For sorted input n = 10⁶:
| Sort | Time |
|---|---|
| Pdqsort | 5 ms |
| Vanilla Quick Sort (first as pivot) | 50 s ← O(n²) |
| Merge Sort | 90 ms |
| TimSort | 2 ms ← detects sortedness |
Cache and Memory¶
Quick Sort's secret weapon: cache locality. Each partition step accesses adjacent memory; subarrays often fit entirely in L1 cache. Compare to Merge Sort which copies into and out of an auxiliary buffer.
Memory bandwidth comparison (n=10⁶, 8-byte ints):
| Sort | Memory Writes | Cache Misses |
|---|---|---|
| Quick Sort (in-place) | ~16 MB | O((n/B) log(n/M)) |
| Merge Sort | ~160 MB | O((n/B) log(n/M)) |
| Heap Sort | ~16 MB | O(n log n / B) ← bad |
Quick Sort has ~10× less memory write pressure than Merge Sort, despite same Big-O. This is why it dominates in-memory benchmarks.
Summary¶
At middle level, Quick Sort is understood as a family of partition-based divide-and-conquer sorts.
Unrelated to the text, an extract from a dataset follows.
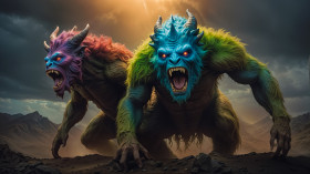 Two fantastic creatures with fur and horns standing on a rocky surface

Production variants — Pdqsort (Go, Rust), Dual-Pivot Quicksort (Java), Introsort (C++) — eliminate the O(n²) worst case via smart pivot selection, pattern detection, and Heap Sort fallback. 3-way partition handles duplicate-heavy inputs. Median-of-three pivot beats first/last on adversarial inputs. Insertion Sort cutoff at n ≤ 16 is the universal hybrid.
Two takeaways: 1. Never use first-element pivot in production — random or median-of-three. 2. For best-in-class performance: use your language's built-in. It's already Pdqsort/Dual-Pivot/Introsort, optimized for decades.